The out-sourcing of R&D doesn’t always begin with the outright execution of contracts to foreign comnpanies. It may begin more modestly, with the outsourcing of R&D custom projects. As relationships build and as project managers cycle through projects, greater and greater comfort with the outsourcing arrangement is felt. Soon, scale-up happens and substantial subunits of molecules are manufactured off-shore. Eventually, US plants are shut down and the equipment shows up on Dovebid for auction.

Yet for all the apparent good economic sense that R&D outsourcing may provide, I find myself uncomfortable with the concept. At one extreme there is the corporate cosmology spoofed in Sidney Lumet’s movie “Network“, where the real nations of the world are the multinational conglomerates who wield major currencies like an occupying army and nationality is an archaic formalism.  R&D is only the wagon that carries the troops for the greater glory and profit of the shareholders.

The other extreme would be the notion that R&D is part of our culture and is something to be guarded as national treasure. It is is an extension of who we are.

It’s obvious that R&D is part of the American economic driver and it should be expoited to bring prosperity to our nation. But that is not to say that US companies should provide companies in competing nations with a critical skill set in exchange for short term gain. Irrespective of non-compete agreements and secrecy arrangements, the fact is that once valuable technology is divulged you can depend on ambitious players to learn from it and accelerate their growth.  While apparently sensible in the short term, exporting your magic is ultimately foolish.

This essay may be a bit parannoid and provincial, but the USA is rapidly de-industrializing itself under the enchantment of its own intoxicating doctrine of promulgating laissez-faire. Allowing the progress of de-industrialization to occur under the influence of quarterly profit reports is perhaps inevitable under our present political era. 

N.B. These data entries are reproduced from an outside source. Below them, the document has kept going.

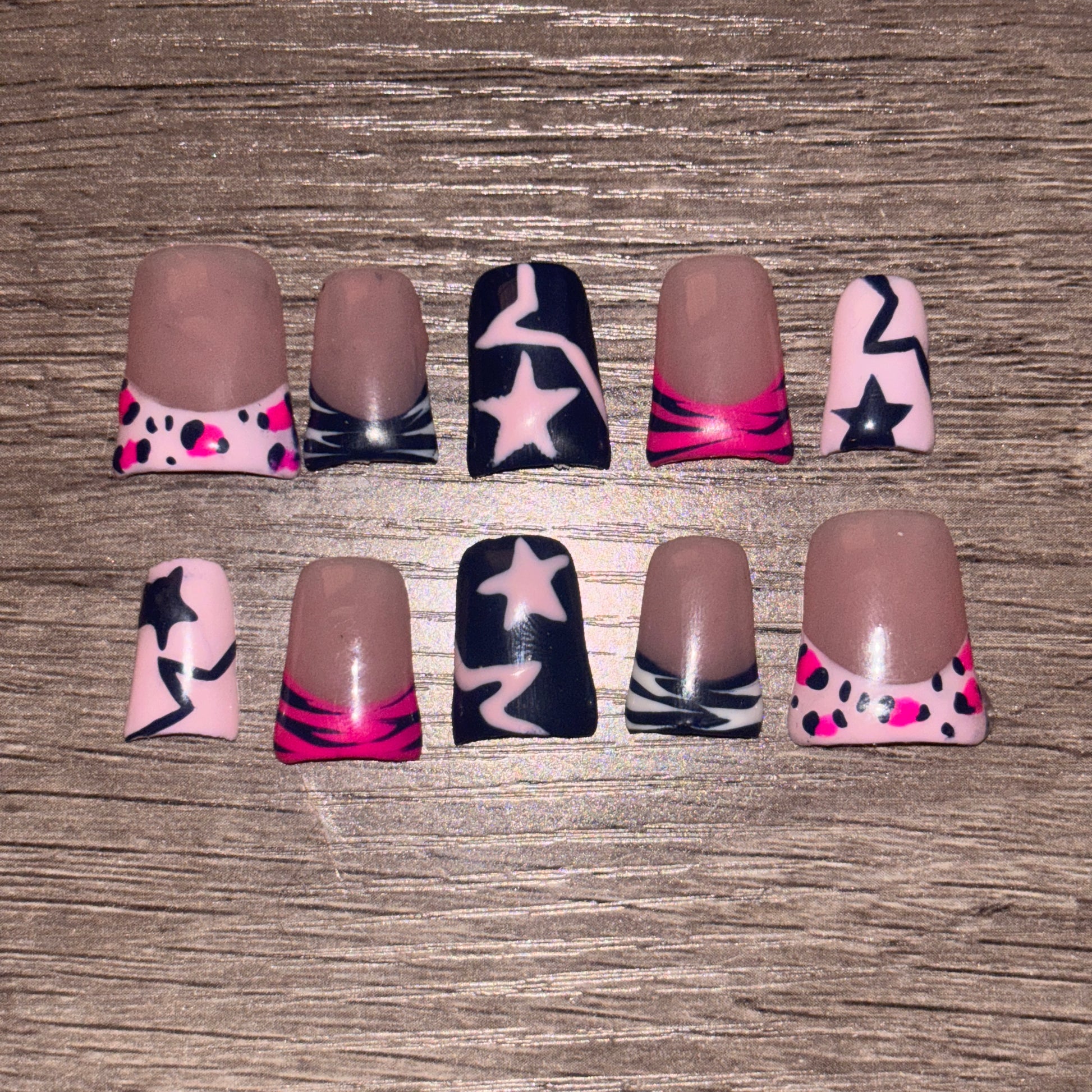 Get ready to rock with The "Nadia" Set—press on nails that bring funky Y2K vibes and star-studded flair to your fingertips. These salon-quality nails deliver durable, reusable glam that’s perfect for making a bold statement anytime. Channel your inner rockstar and shine bright with every move!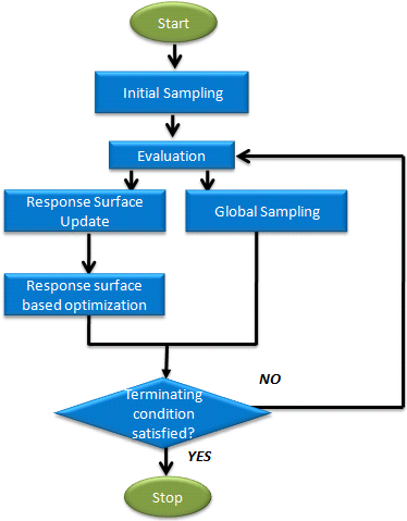 A response surface based approach. During each iteration, the response surface based optimization generates a few designs. Additional designs are generated globally to ensure a good balance on local search capability and global search capability. Response surface is adaptively updated with the newly generated designs to have a better fit of the model.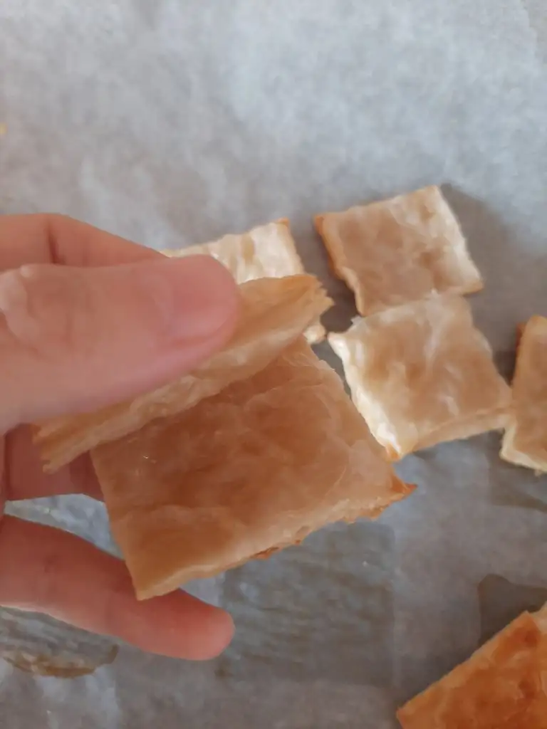 Buzluktan cikardigimiz milföyleri oda sicakliginda 2-3 dakika beklettikten sonra once ikiye sonra 4 es parcaya bölüp pisiriyoruz.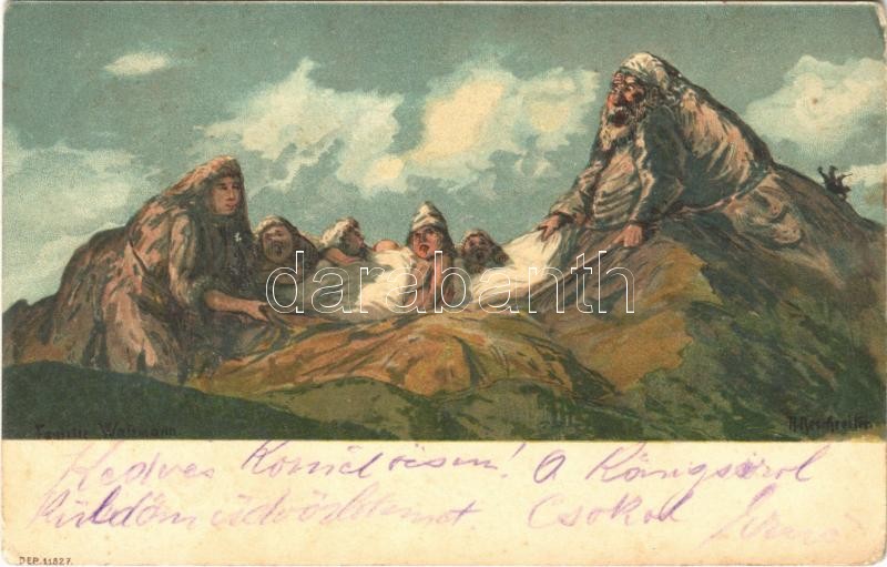 Leírás: 1908 Familie Watzmann (Bayern) / Bavarian mountain with human face, Watzmann family. Gebrüder Mühlstein. litho (EK)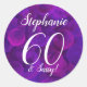 Elegante Roxo 60 e Sassy Birthday Favor Clássico Redondo Vinheta Redonda Clássica Especial elegante de festa de aniversário púrpura especialmente desenhada para seus amigos que estão fazendo 60 e são Sassy! Personalize este adesivo de favorecimento de festa de aniversário com o nome deles. Aplique este adesivo a favores de aniversário, envelopes para convites, notas de agradecimento ou qualquer outra coisa que você crie adicionar seus toques de acabamento especiais para a festa. Planeje sua festa com mais festas de aniversário da nossa loja! Seus amigos ou família vão adorar uma festa de aniversário elegante e roxa.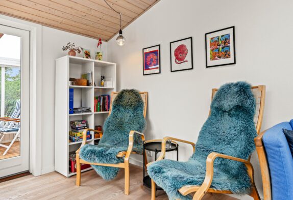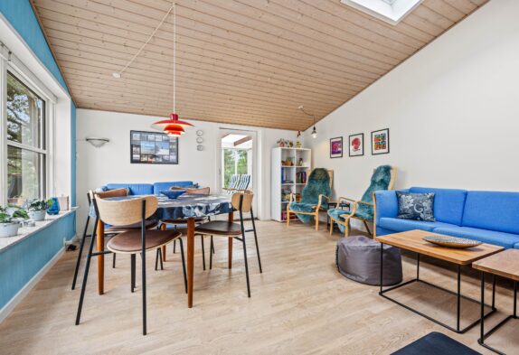 Stuen, som er indrettet i skandinavisk stil, ligger i forbindelse med udestuen. Især i foråret er udestuen et hit – her kan I fange de første solstråler i en behagelig temperatur med kortspil, eftermiddagskaffe og gode grin.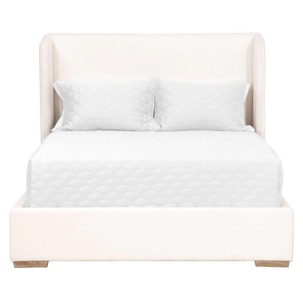 This wingback upholstered queen bed frame will add sophistication and class to any . The Livesmart Peyton Pearl fabric and solid oak feet create a neutral palette that will work well with many color combinations. The frame features a removable metal frame European slat system and stain resistant fabric. Designed for dependability and durability, this transitional style queen bed frame will be a great addition to your bedroom.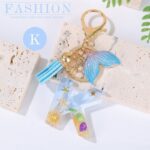 Brelok do kluczy LITERKA "M" , MORSKI, ogon syreny, muszelki, frędzle BRL353M
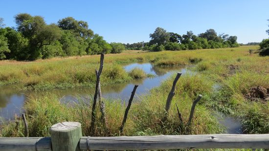Gegen 12.30h das Gate Chobe Park Mababe und nach vielem Suchen und Fragen dann auch unser Tshaa River Camp, direkt am Kwhai gelegen. -> 195km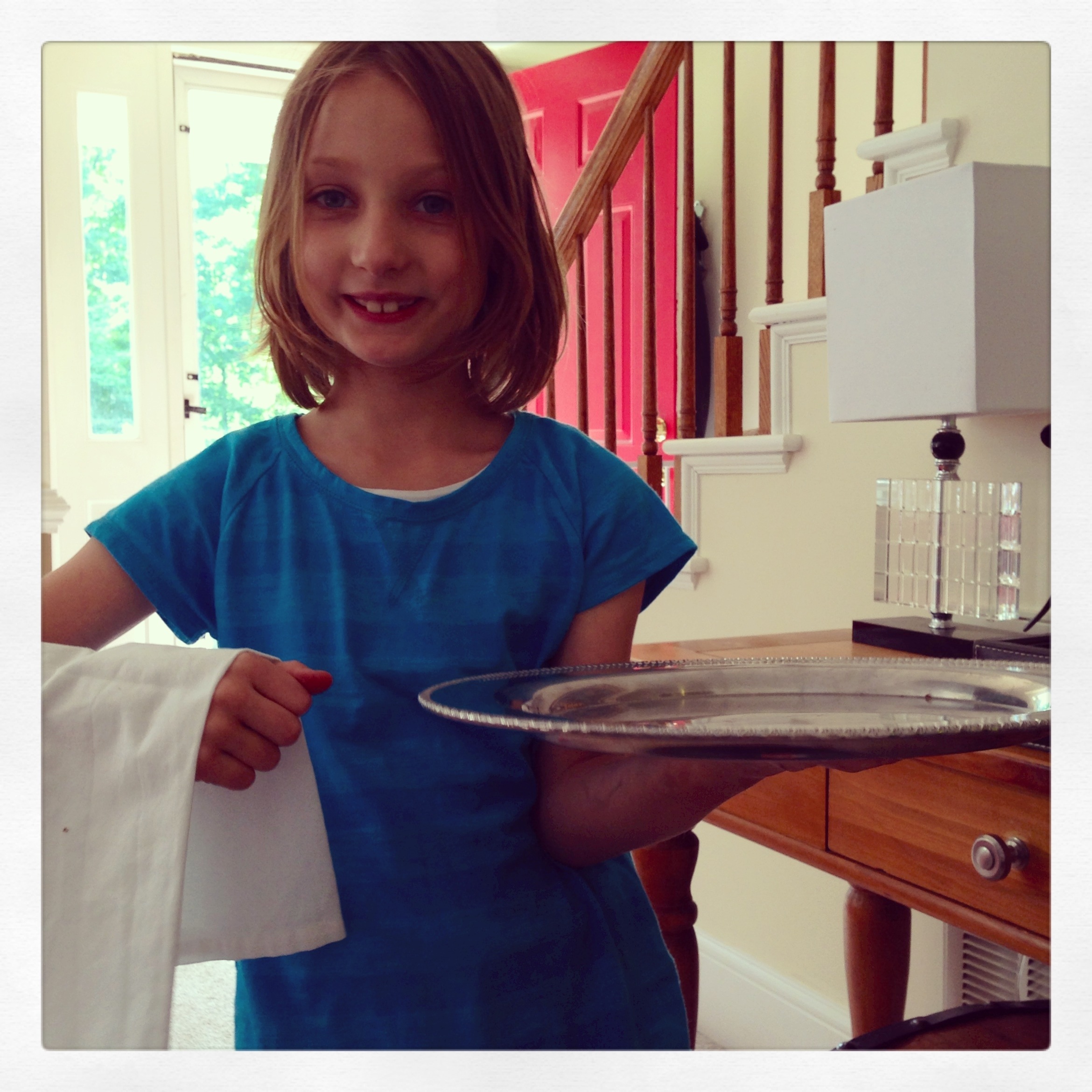 She practiced waiting tables.  20130508-080023.jpgShe offered to make me a “fancy drink” but I did some soul searching and decided that even if the baby is asleep in your lap that is not a good enough reason to teach your 7-year-old how to make a gin and tonic.  20130508-080012.jpgMQD came home and brought sushi from him (who knew there is a Kelly roll?) and we opted to play outside for a bit before we ate dinner.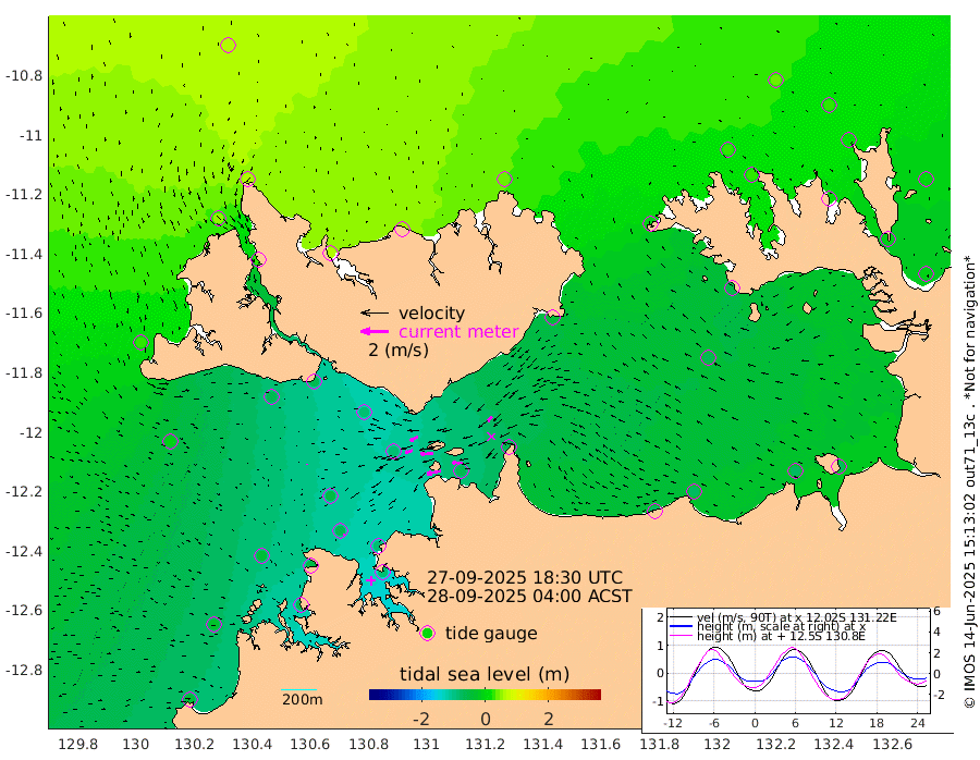 105cm/s -101T +4cm/s rms + 6cm/s 51T. Darwin_C1 52m 71cm/s -90T +4cm/s rms + 7cm/s -161T. Darwin_CW1 22m 57cm/s -107T +4cm/s rms + 8cm/s 61T. Darwin_CW2 34m 49cm/s -134T +3cm/s rms + 9cm/s 98T. Darwin_CW3 22m 90cm/s -91T +5cm/s rms + 7cm/s 88T. Darwin_C3 56m 62cm/s -115T +2cm/s rms + 9cm/s -126T. Darwin_CTbW 22m 4cm/s 172T +1cm/s rms + 1cm/s -47T. DARBGF 30m 10cm/s -179T +4cm/s rms + 3cm/s 80T. NRSDAR 19m 64cm Goodrich Bank -35cm Point Jenny -34cm Native Point -44cm Fish Reef -55cm Tapa Bay 25cm Point Fawcett (Offshore) -60cm Burge Point -57cm Munkunuwa -8cm Beagle A -82cm Parsons Bank -54cm Fenton Patches -84cm Hancox Shoal Area -82cm Nightcliff -90cm Darwin -63cm Charles Point Patches -66cm Glyde Point -70cm Chambers Bay -69cm Point Stuart -59cm Cape Hotham -61cm Christine Reef -79cm West Alligator Head -73cm East Field Island -53cm Two Hills Bay -43cm Camp Point -57cm Medina Inlet South 23cm South Barlow Point 46cm St. Asaph Bay 63cm Cape Van Dieman 56cm Snake Bay 61cm Cache Point 40cm Point Jahleel (Off) -3cm Cape Don 26cm Port Essington 24cm Smith Point - West 24cm NW Peacock Island 39cm North Of Jones Shoal 11cm Peacock Island 0cm Point David 18cm D'urville Point -6cm Copeland Island 2cm One Tree Point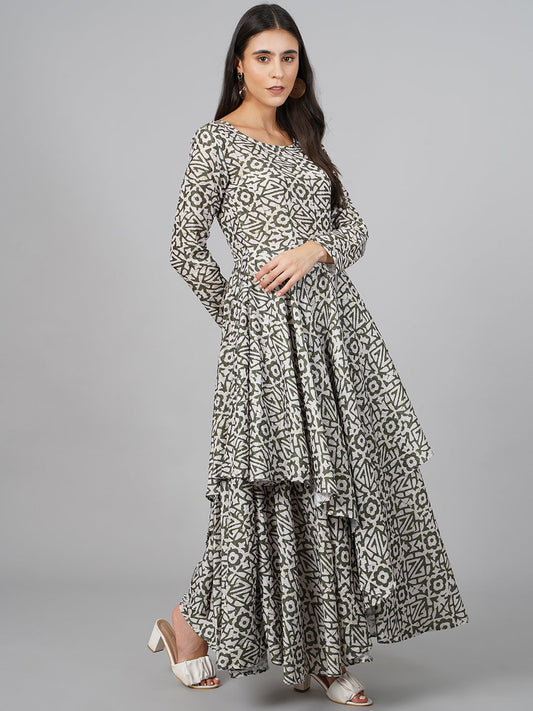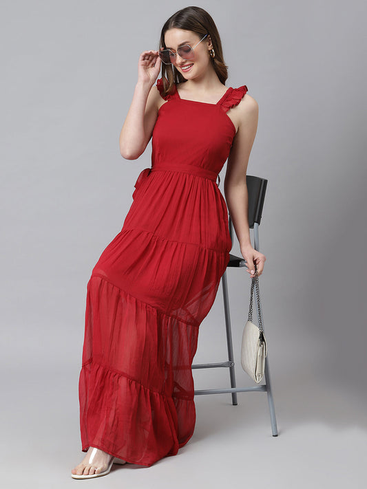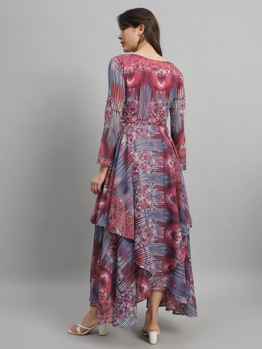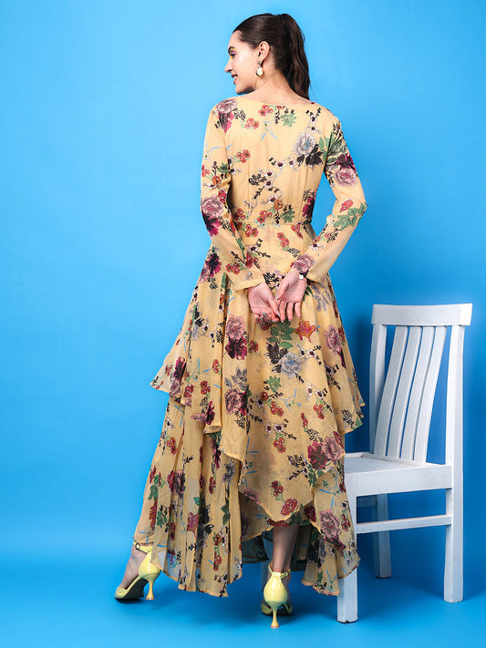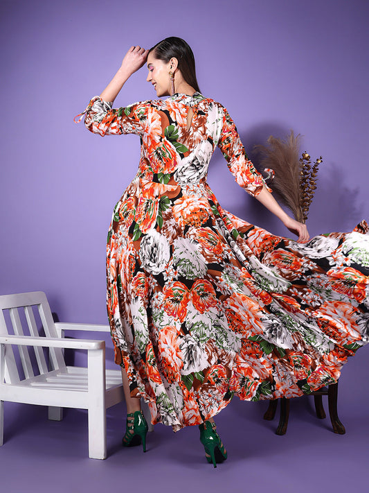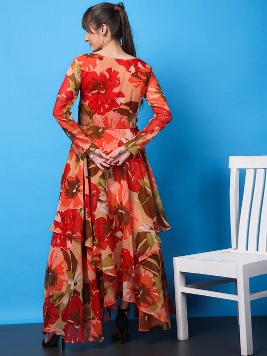 SCORPIUS Floral Printed Layered Fit Flare Maxi Dress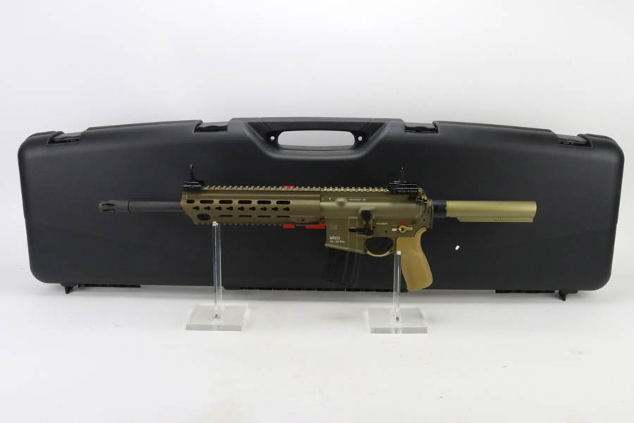 06/12/2024 – For sale is a very rare H&K MR223 Pistol chambered in .223 Remington. These were being imported a few years ago by H&K but had the import revoked due to legal reasons so no more have been imported since. The pistol is in a gorgeous metallic FDE color (anodized RAL 8000) and the finish is excellent. There are no handling marks or scratches visible on the finish. The bore is mirror bright and excellent. The pistol comes with one 20 round HK marked magazine and the original hard case and accessories.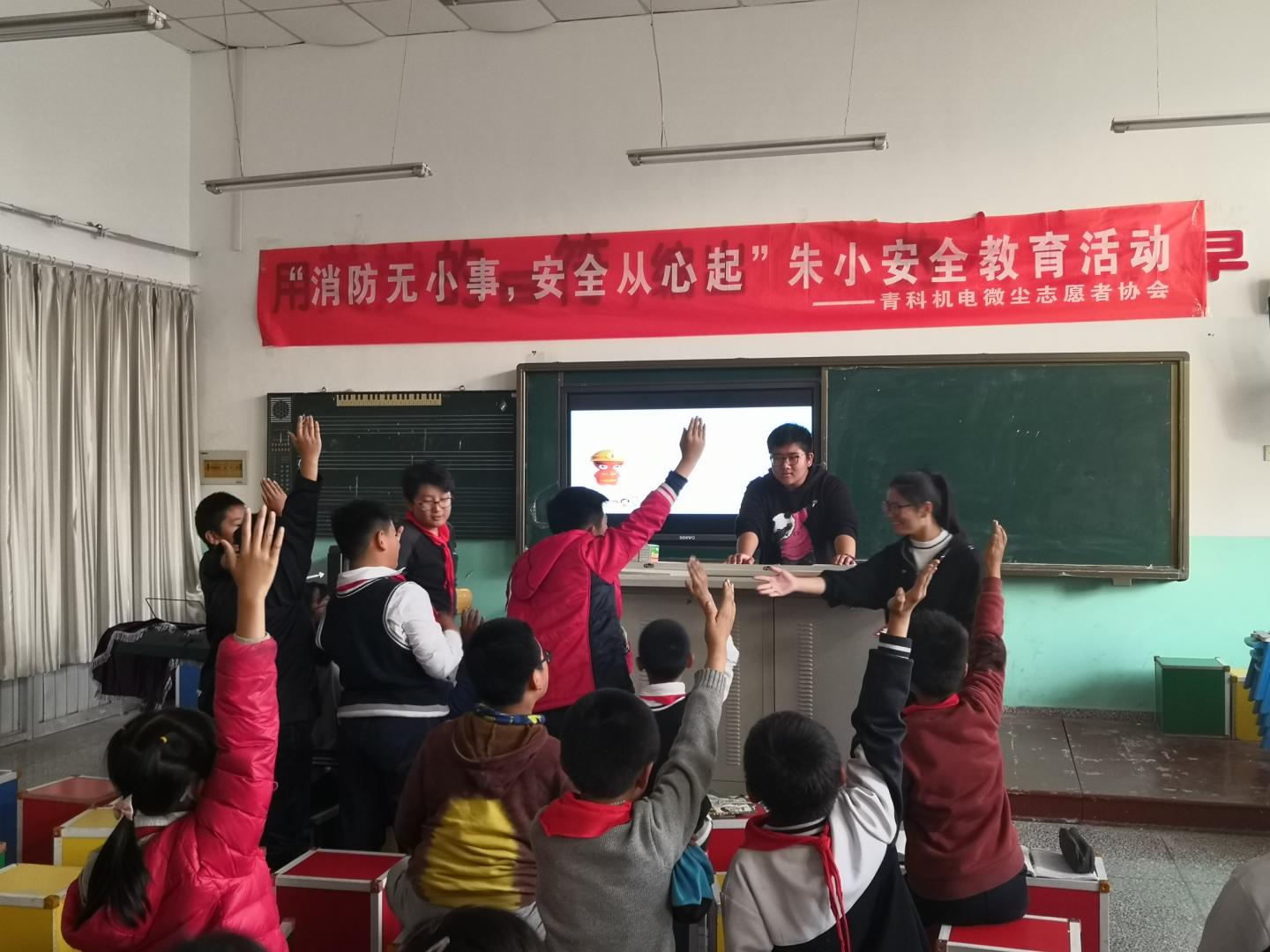 pp电子微尘志愿者协会于11月13日下午2:00走进朱家洼小学进行了安全教育活动。众所周知,11月9日是全国消防日。所以志愿者们趁此机会给孩子们讲述基本的防火安全常识和防范措施,带着他们认识一些消防设施。并与学生们进行互动交流,大大提高了小学生们的安全防患意识。更吸引人的是有奖问答环节,孩子们踊跃举手发言,与此同时,志愿者们准备了笔和本子等奖品来奖励那些积极发言的孩子。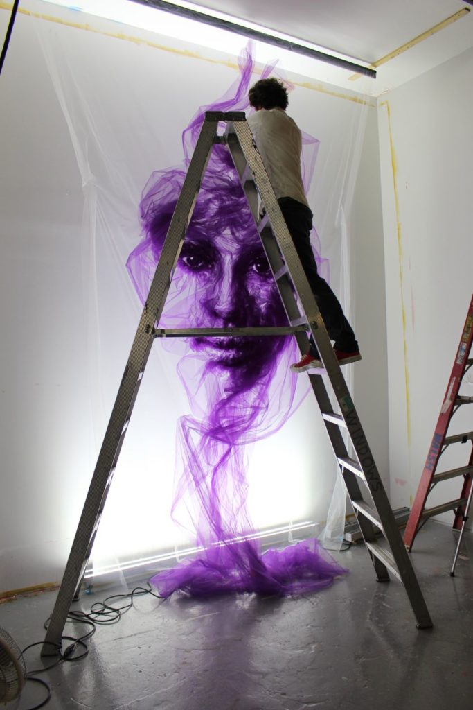 На каждый объект уходило по 15 метров цельного полотна ткани и 50 часов работы! Со стороны все может показаться элементарно, но особенность и сложность работы в том, что нельзя было резать ткань. Все должно было подкалываться булавками. За счет этого каждая полученная складка привносила свой акцент в общую работу.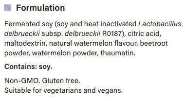 The specific probiotic strain Lactobacillus delbrueckii R0187 was used to ferment non-GMO soy before being heat inactivated, creating this postbiotic-rich fermented dietary supplement which helps to support upper gastrointestinal comfort.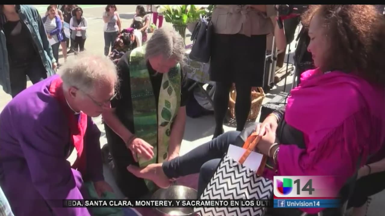 Líderes religiosos y activistas lavaron los pies de inmigrantes indocumentados que han sido víctimas de crímenes en el área de la bahía con motivo del Jueves Santo.

I would argue that industry and commerce are not just a business math exercise. They are part of the fabric of our culture. Adopting abstract economic formalisms and dressing them up as social policy is to neglect why we start businesses at all. If the acquisition of money were the only goal, then we’d all go into finance. We start businesses in areas we prefer in order to make money and to have something constructive to do. It stimulates our brains and drives progress. It contributes to the common good. Work and industry are part of anthropology, not just economics.